(DATA RECORDS Opens)

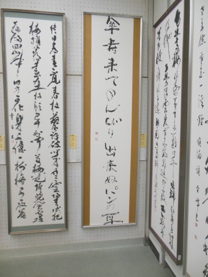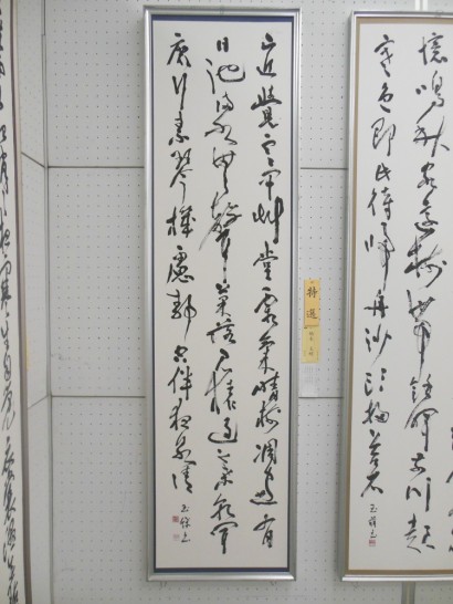 先ずはお目当ての書道。友人の橋本玉蝶さんが特選を取られたという情報を得ていたのでそこへまっしぐら!。写真を撮り、改めてしみじみ眺めてみたが、素人の私には読めない字が殆ど。字として鑑賞するのではなく絵として鑑賞した。
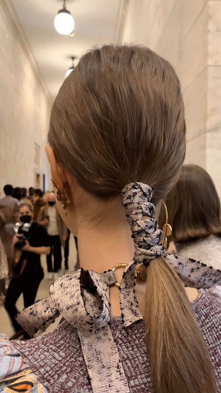 Llevar el pelo recogido hacia atrás nunca marcó tanto estilo. En Sergio Hudson, la peluquera Naeemah LaFond realizó coletas con alambre dorado en la base y una cascada de rizos voluminosos. Con eco en las telas, las elegantes coletas bajas de Ulla Johnson iban envueltas en tejidos estampados de la colección, por obra del peluquero Bob Recine. Lo mismo en PatBo, donde Lacy Redway sujetó sus colas de caballo con diferentes detalles, de cintas de terciopelo a pañuelos con flores de acuarela.
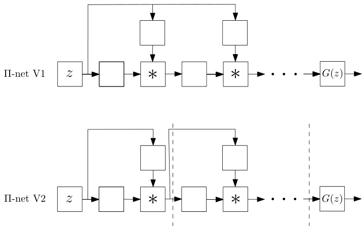 图 1: 本文介绍了一类称为$\Pi-$网络的结构,其输出是输入的多项式。此处的输入$_{z}$可以是生成式对抗网络(Generative Adversarial Network)在生成任务中的隐空间,也可以是判别任务中的图像。我们的多项式网络可通过一种特殊的跳跃连接(skip connections)轻松实现。
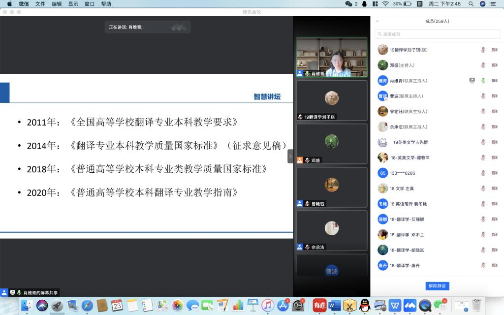 (通讯员 段园园)6月23日下午,上海外国语大学英语学院博士生导师、翻译系主任肖维青教授应太阳成官网邀请,在腾讯会议对《高等学校本科翻译专业教学指南》(以下简称《指南》)进行了全方位解读。讲座由我校“潇湘学者”特聘教授、翻译系主任余承法教授主持,曾艳钰院长、唐建文书记以及学院近三百名师生参加了本场讲座。
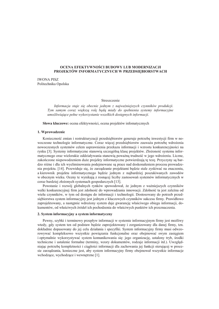 Budowa nowego systemu informatycznego lub modernizacja danego systemu w przedsibiorstwach wymaga przeprowadzenia procesu oceny efektywnoci danego projektu, w tym przypadku
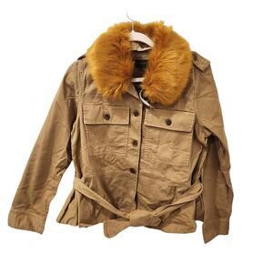 J. Crew Peplum chino jacket with faux fur collar size medium
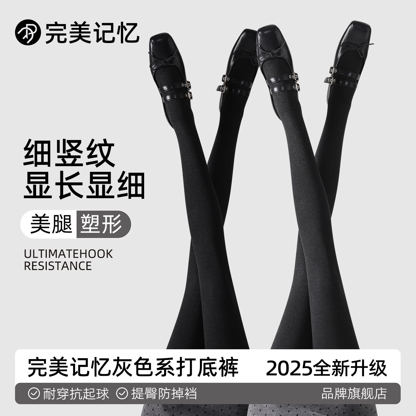 完美记忆灰色打底裤女秋冬外穿黑色竖纹压力显瘦加厚绒保暖连裤袜
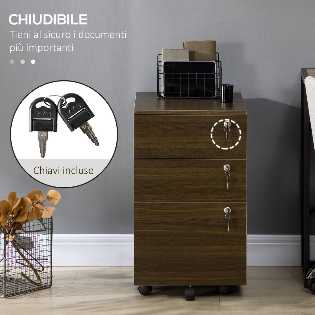 Commode Classeur 3 Tiroirs 40x50x68,5 cm pour Bureau en MDF avec Roulettes Marron
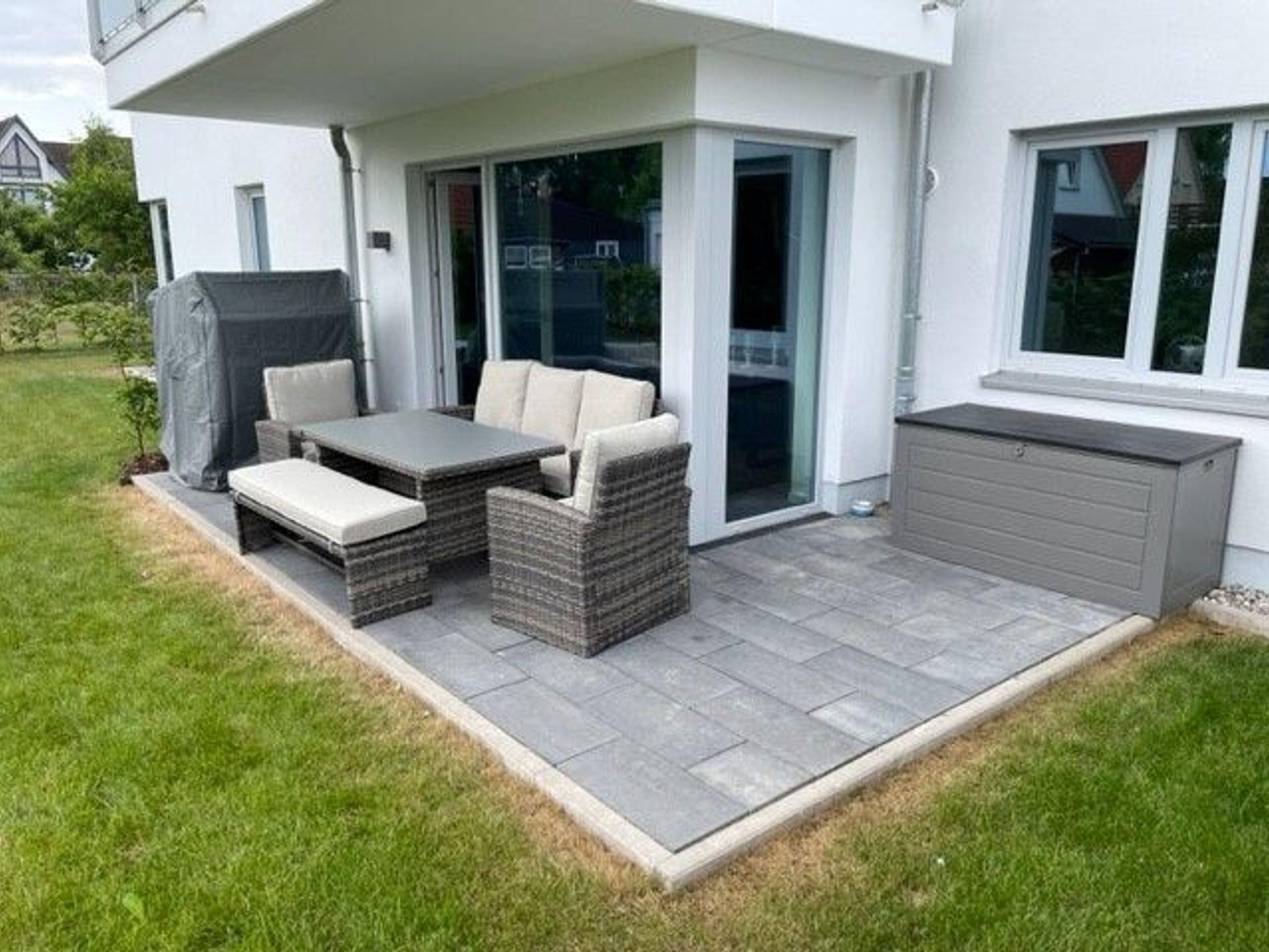 Die Terrasse mit Nord-Ausrichtung, welche Sie direkt über das Wohnzimmer erreichen, bietet ebenfalls einen schönen Essplatz für 6 Personen. Egal zu welcher Tages- oder Nachtzeit - Ruhe und Entspannung finden Sie auch in dem zugehörigen Strandkorb sowie den Gartensesseln.
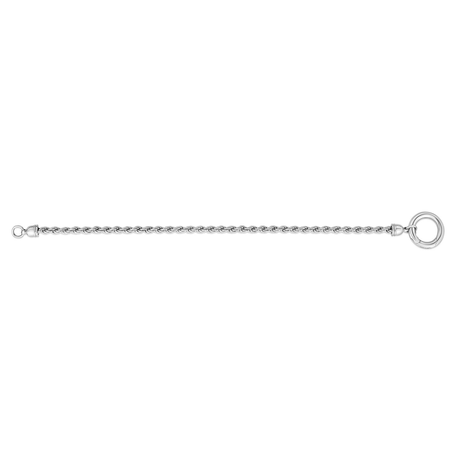 This sterling silver rhodium plated rope chain bracelet (3.40 mm) features a polished fancy push-lock clasp for a secure, stylish finish. Its bright shine and textured rope design make it a modern standout, perfect for everyday wear or layering.
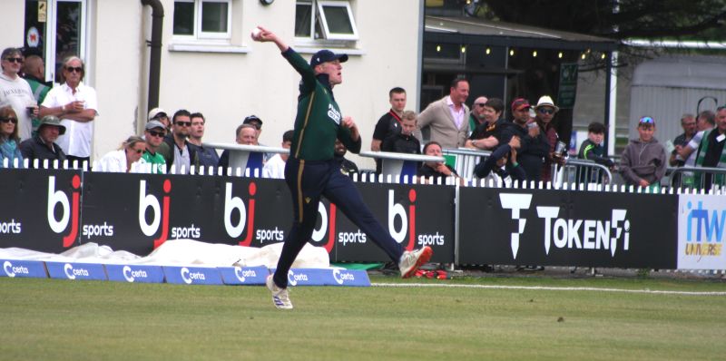 A bat/pad catch from Paul Stirling to short leg (T-Sports)
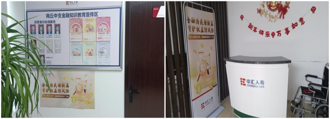 为营造良好的宣传氛围,2024年9月,中汇人寿商丘中支及辖内机构在职场张贴摆放活动海报、展架、条幅、宣传折页等宣传资料,结合线上线下进行金融知识宣传,在电视屏幕播放《金融消保在你身边》等金融知识相关视频,让“金融教育宣传月”深入客户心中。

(DATA RECORDS Closes)

▶ _WORK TO BE COMPLETED_: With the pictures left out, copy exactly the lines from the line holding "Commode Classeur 3" through the final line of the records, including both.

▶ _WORKED SOLUTION_:
 Commode Classeur 3 Tiroirs 40x50x68,5 cm pour Bureau en MDF avec Roulettes Marron
 Die Terrasse mit Nord-Ausrichtung, welche Sie direkt über das Wohnzimmer erreichen, bietet ebenfalls einen schönen Essplatz für 6 Personen. Egal zu welcher Tages- oder Nachtzeit - Ruhe und Entspannung finden Sie auch in dem zugehörigen Strandkorb sowie den Gartensesseln.
 This sterling silver rhodium plated rope chain bracelet (3.40 mm) features a polished fancy push-lock clasp for a secure, stylish finish. Its bright shine and textured rope design make it a modern standout, perfect for everyday wear or layering.
 A bat/pad catch from Paul Stirling to short leg (T-Sports)
 为营造良好的宣传氛围,2024年9月,中汇人寿商丘中支及辖内机构在职场张贴摆放活动海报、展架、条幅、宣传折页等宣传资料,结合线上线下进行金融知识宣传,在电视屏幕播放《金融消保在你身边》等金融知识相关视频,让“金融教育宣传月”深入客户心中。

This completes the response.